#### Extracted information
◆ ◆ ◆

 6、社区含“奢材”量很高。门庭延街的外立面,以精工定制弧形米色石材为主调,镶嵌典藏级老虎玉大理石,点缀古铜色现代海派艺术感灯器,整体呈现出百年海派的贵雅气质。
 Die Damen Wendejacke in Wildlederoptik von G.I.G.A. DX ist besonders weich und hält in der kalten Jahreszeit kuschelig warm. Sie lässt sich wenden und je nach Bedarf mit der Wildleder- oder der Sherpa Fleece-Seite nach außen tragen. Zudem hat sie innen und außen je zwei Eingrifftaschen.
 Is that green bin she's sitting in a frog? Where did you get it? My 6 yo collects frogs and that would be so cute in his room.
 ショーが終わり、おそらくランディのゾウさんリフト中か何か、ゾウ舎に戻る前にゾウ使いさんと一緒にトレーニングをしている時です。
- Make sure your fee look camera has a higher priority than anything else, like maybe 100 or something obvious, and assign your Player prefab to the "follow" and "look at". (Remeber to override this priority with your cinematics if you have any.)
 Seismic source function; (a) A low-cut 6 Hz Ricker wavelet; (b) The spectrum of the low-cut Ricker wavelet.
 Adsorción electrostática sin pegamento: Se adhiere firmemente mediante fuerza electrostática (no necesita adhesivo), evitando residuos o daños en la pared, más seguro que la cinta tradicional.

◆ ◆ ◆

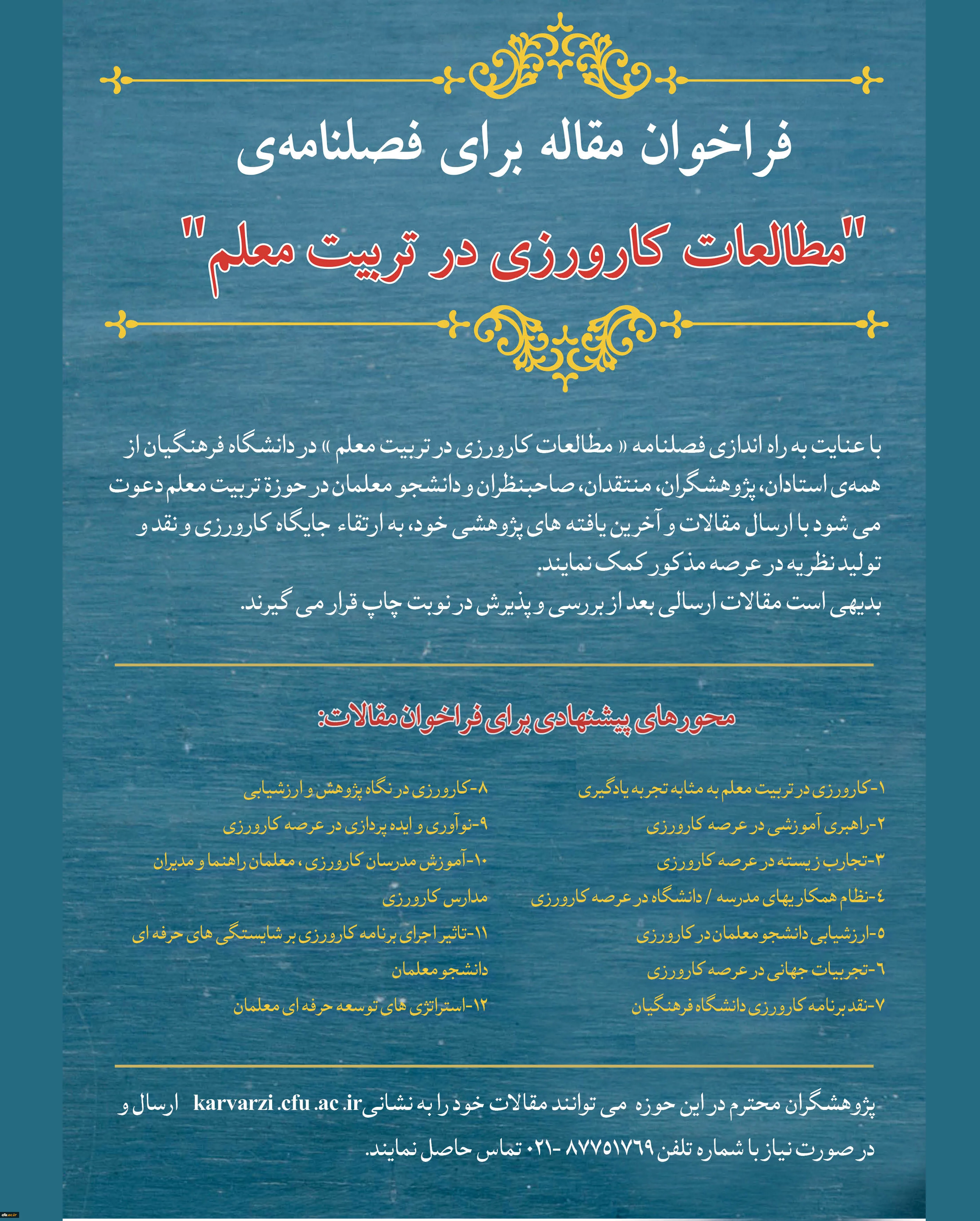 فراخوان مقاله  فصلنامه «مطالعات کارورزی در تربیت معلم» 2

◆ ◆ ◆

#### Assigned task
Look above for the line with "Seismic source function;"; retype exactly that line, every line after it up to the line with "Adsorción electrostática sin", and that line too, nothing else.

#### Exercise result
 Seismic source function; (a) A low-cut 6 Hz Ricker wavelet; (b) The spectrum of the low-cut Ricker wavelet.
 Adsorción electrostática sin pegamento: Se adhiere firmemente mediante fuerza electrostática (no necesita adhesivo), evitando residuos o daños en la pared, más seguro que la cinta tradicional.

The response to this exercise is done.